## Exercise aim
Beginning with the line below that contains "问界M7 Ultra在上市后" and ending with the line that contains "李玉刚演唱会雨后挑战高空威亚 嫦娥飞天造型仙气十足", retype every line exactly. Pictures are not copied.

## Exercise data
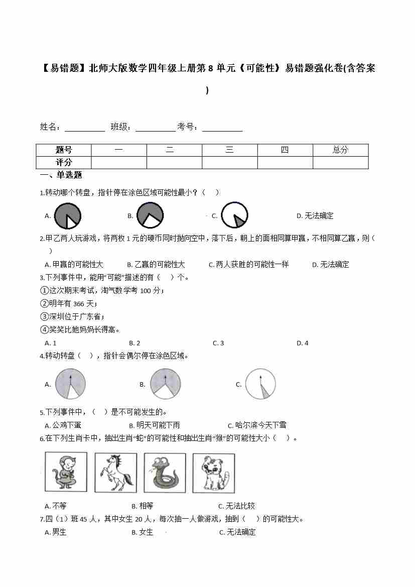 【易错题】北师大版数学四年级上册第8单元《可能性》(含答案)
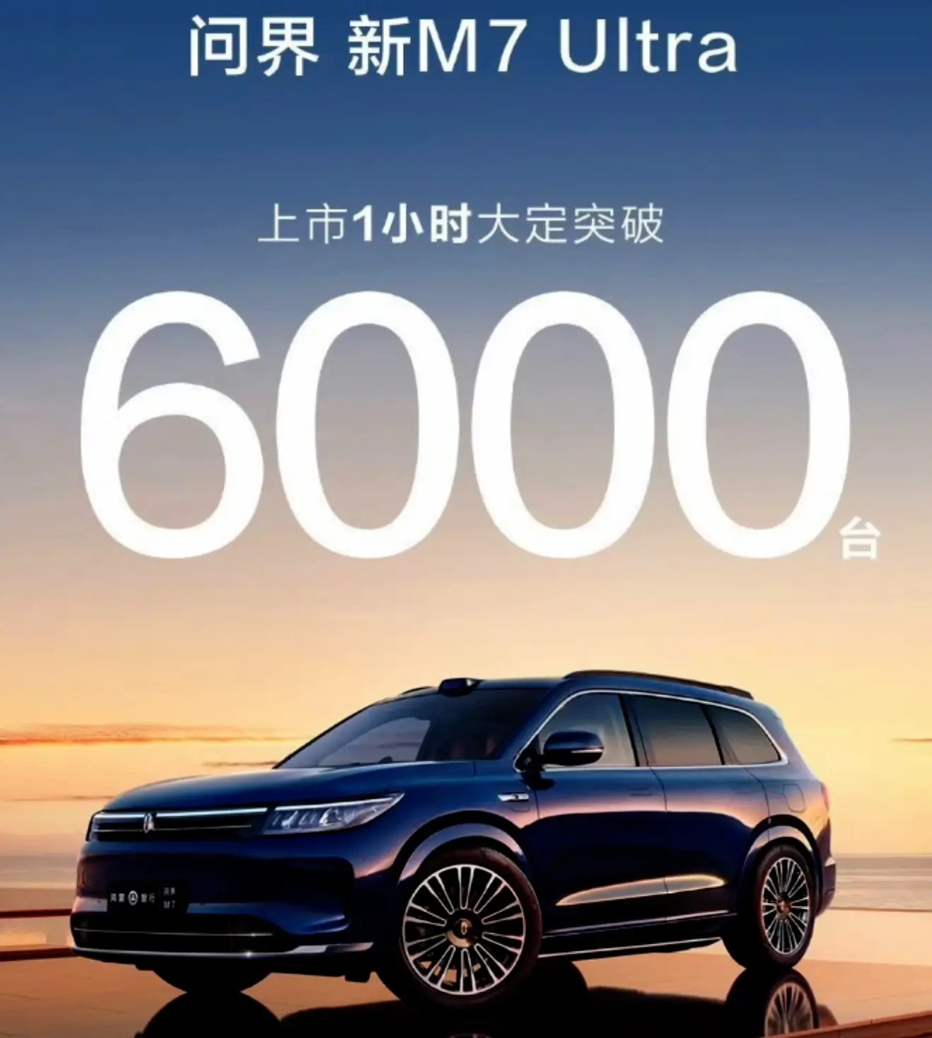 问界M7 Ultra在上市后首日便收获了12000台的预订量。仅过了一个小时,这一数字就突破了6000台;而在24小时之内,订单量更是达到了惊人的12000台。
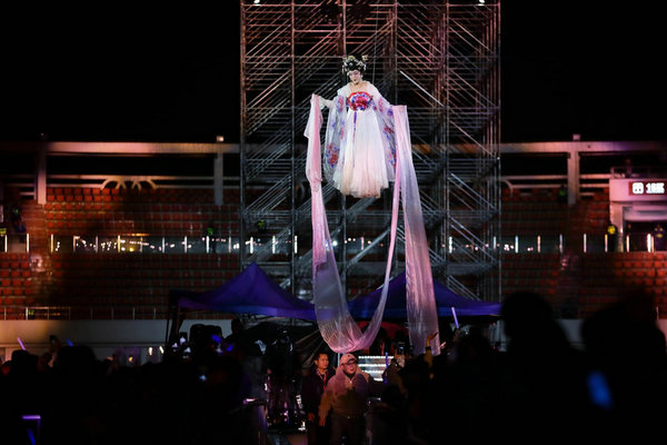 李玉刚演唱会雨后挑战高空威亚 嫦娥飞天造型仙气十足
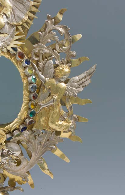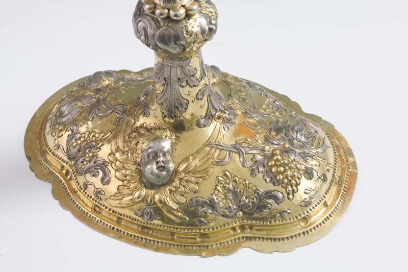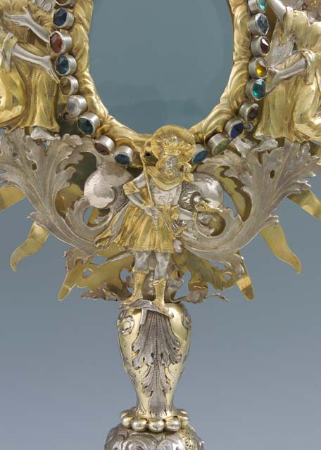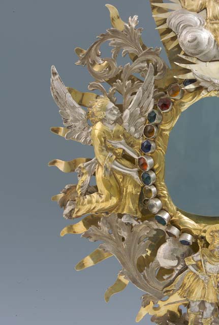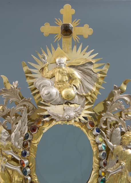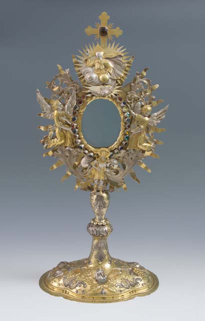 L'ostensorio presenta piede polilobato a sezione ellittica, con bordo liscio e corpo bombato decorato da testine di cherubino, festoni di frutta e motivi fitomorfi. Nel fusto si susseguono due nodi di diversa forma: il primo foggiato a nuvoletta con due testine di cherubino, il secondo sagomato, arricchito da motivi fogliari e nastri. Il ricettacolo racchiude una teca a luce ovale, circondata da nubi stilizzate sulle quali sono fissate pietre in pasta vitrea colorata. Sulla raggiera dorata, a raggi lanceolati, sono applicate grandi foglie d'acanto lavorate a giorno che separano le effigi di Sant'Osvaldo, raffigurato alla base con le insegne regali e il corvo con l'anello nel becco, di due angeli genuflessi ad ali spiegate, posti ai lati, e di Dio Padre benedicente accompagnato dalla colomba dello Spirito Santo sulla sommità, dove svetta una crocetta apicale impreziosita da una pietra ottagonale.
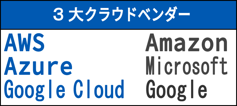 世界的に大きなシェアを握って、クラウドサービスと聞いて連想するのはこの3社じゃないでしょうか?
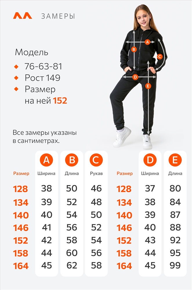 брюки: длина внеш. шва:80 см; длина внут. шва:55 см; ширина по бёдрам:37 см. Размер 134: кофта: длина:52 см; ширина:39 см; длина рукава внешняя:48 см; длина рукава внутренняя:42 см. брюки: длина внеш. шва:84 см; длина внут. шва:59 см; ширина по бёдрам:38 см. Размер 140: кофта: длина:54 см; ширина:40 см; длина рукава внешняя:50 см; длина рукава внутренняя:44 см. брюки: длина внеш. шва:87 см; длина внут. шва:62 см; ширина по бёдрам:39 см. Размер 146: кофта: длина:56 см; ширина:41 см; длина рукава внешняя:52 см; длина рукава внутренняя:45 см. брюки: длина внеш. шва:88 см; длина внут. шва:64 см; ширина по бёдрам:40 см. Размер 152: кофта: длина:58 см; ширина:42 см; длина рукава внешняя:54 см; длина рукава внутренняя:48 см. брюки: длина внеш. шва:92 см; длина внут. шва:65 см; ширина по бёдрам:43 см. Размер 158: кофта: длина:60 см; ширина:44 см; длина рукава внешняя:56 см; длина рукава внутренняя:49 см. брюки: длина внеш. шва:95 см; длина внут. шва:69 см; ширина по бёдрам:44 см. Размер 164: кофта: длина:62 см; ширина:45 см; длина рукава внешняя:58 см; длина рукава внутренняя:50 см. брюки: длина внеш. шва:99 см; длина внут. шва:77 см; ширина по бёдрам:45 см. *замеры выборочные, могут незначительно отличаться. Комментарии к товару
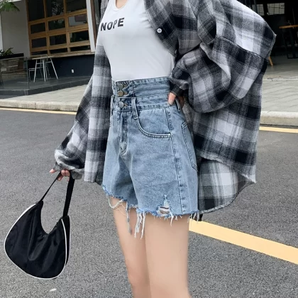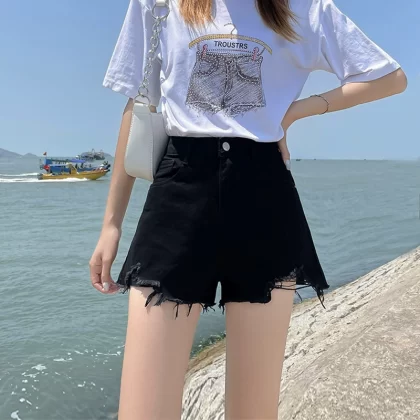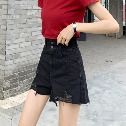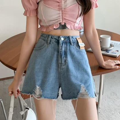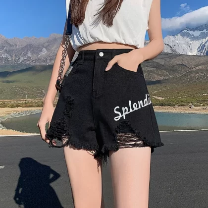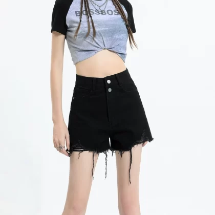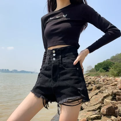 | nameOriginal | High waist tummy control ripped denim shorts with sweet and spicy outer wear |
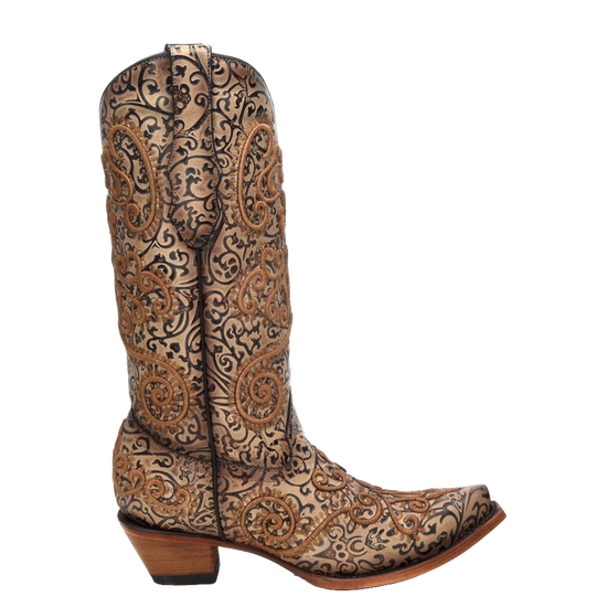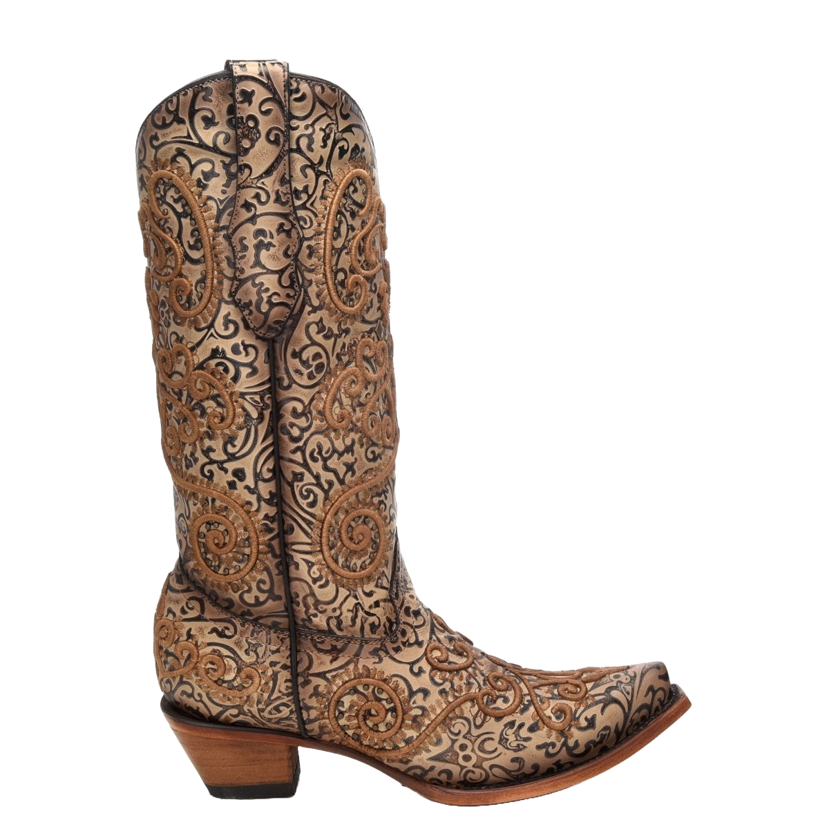 Corral Men's Honey & Grey Inlay & Embroidery Western Boot C3845
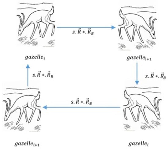 where denotes the locations of the top gazelle. The predator and gazelles are indeed regarded as search agents by the GOA. Since the gazelles are already running in unison for refuge by the time a predator is observed stalking them, the predator would have already searched the area when the gazelles flee. If the superior gazelle replaces the top gazelle, the elite will change after each iteration.

## Result of this exercise
 问界M7 Ultra在上市后首日便收获了12000台的预订量。仅过了一个小时,这一数字就突破了6000台;而在24小时之内,订单量更是达到了惊人的12000台。
 李玉刚演唱会雨后挑战高空威亚 嫦娥飞天造型仙气十足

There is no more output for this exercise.